AFF A800 goes down with a fatal parity error
Applies to
- AFF A800
- ONTAP 9.14.1
Issue
Example:
t6nex0: ! [0x08000000] LE parity/CRC error
t6nex0: ! MC0_INT_CAUSE 0x41318 = 0x00000006, E 0x00000007, F 0x00000005
t6nex0: ! [0x00000004] Uncorrectable ECC data error(s)
t6nex0: * [0x00000002] Correctable ECC data error(s)
t6nex0: MC0: 26 uncorrectable ECC data error(s)
t6nex0: MC0: 8 correctable ECC data error(s)
t6nex0: ! PL_PL_INT_CAUSE 0x19430 = 0x00000018, E 0x00000010, F 0x00000010
t6nex0: ! [0x00000010] Fatal parity error
t6nex0: ? [0x00000008]
t6nex0: firmware reports adapter error: Crash (0xc014c010)
t6nex0: encountered fatal error, adapter stopped (0).

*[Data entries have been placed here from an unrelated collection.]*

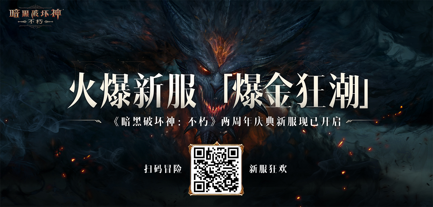 庆典开启,火爆新服!两周年庆典降临,游戏内外的超多大礼正等待玩家们获取!《暗黑破坏神:不朽》两周年庆典服务器【爆金狂潮】今日正式开启。现在前往新服,就能参与周年庆盛大庆典活动,斩获海量惊喜大礼。同时冒险者们完成任务,提升等级,还能获得抽取幸运大奖的机会。扫描下方二维码即可参与新服抽奖活动,有机会将邮政礼盒、Zippo定制打火机、永恒荣耀礼盒、纪念徽章、大菠萝帽子和角色典藏卡在内的珍稀奖励收入囊中。盛典开启好运连连,让幸运奖励助你冒险!
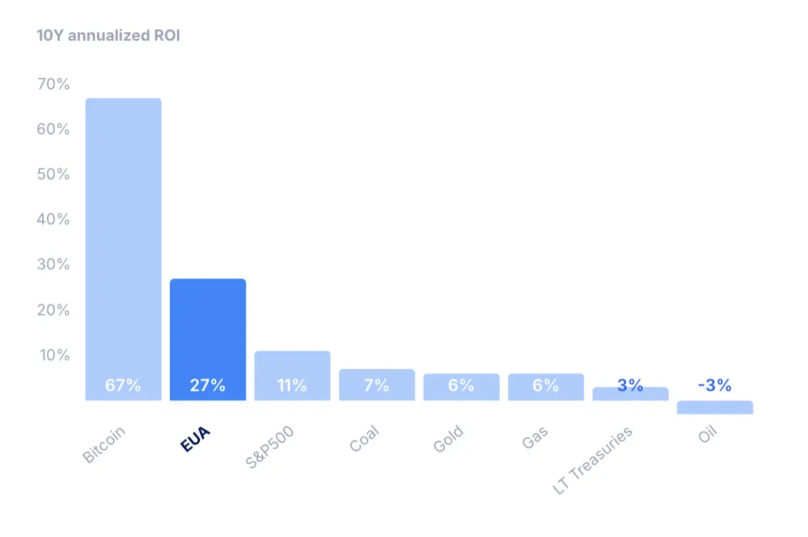 EUAs hebben de afgelopen tien jaar een sterke stijging van +27,2% laten zien, beter dan veel andere activaklassen. Ze zijn een aantrekkelijke toevoeging aan portefeuilles die diversificatie zoeken met potentieel voor hoge rendementen.
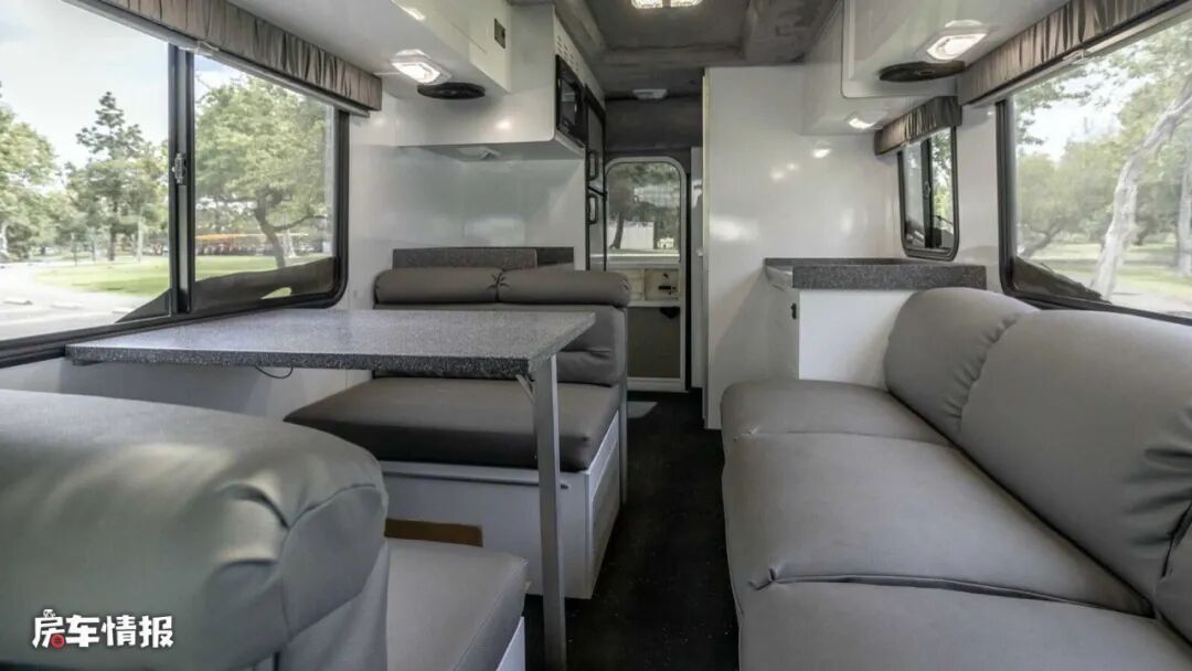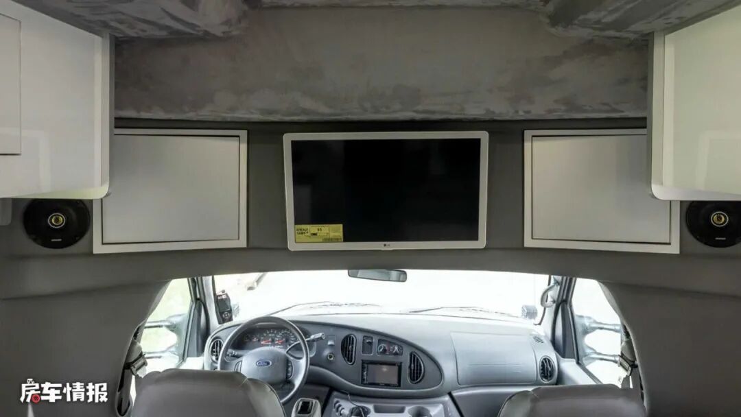 全车是采用的后上门的设计,车内的空间要比想象中宽敞,而且整体的采光度也很不错,虽然外观相对“花里胡哨”,但是内部的设计还是挺现代极简风的。驾驶室上方是提供了基础的电视,两侧带有封闭式的储物柜,日常可以存放行李或日用品,带有柜门的设计也防止在行驶过程中发生掉落。
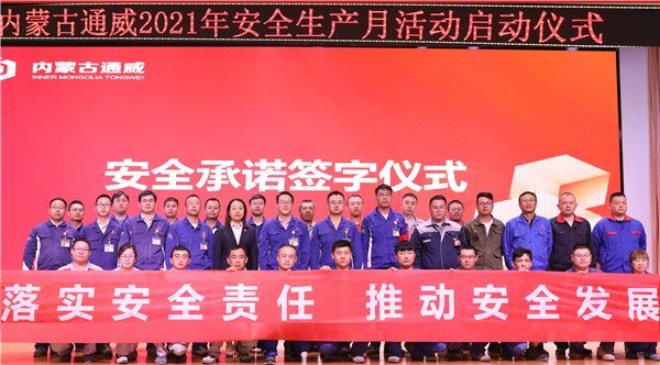為全面貫徹落實國務(wù)院安委會辦公室、應(yīng)急管理部《關(guān)于開展2021年全國“安全生產(chǎn)月”活動的通知》精神,2021年6月2日,內(nèi)蒙古通威召開以“落實安全責(zé)任,推動安全發(fā)展”為主題的“安全生產(chǎn)月”啟動儀式,內(nèi)蒙古通威副總經(jīng)理張習(xí)松出席活動,助理工程師以上管理人員、安全管理人員及承包商代表共計100余人參加此次活動,并為安全生產(chǎn)作出莊嚴(yán)承諾。

Sep 06 12:04:12 [node01:vifmgr.clus.linkdown:EMERGENCY]: The cluster port e0a on node node01 has gone down unexpectedly.
e0a: failed to add mc address 01:00:0c:cc:cc:cc rc=6
e0a: failed to add mc address 01:80:c2:00:00:0e rc=6
Waiting for PIDS: [rpcbind] 1869.
Terminated
.
Kernel thread "tmp_monitor" (pid 0) exited prematurely.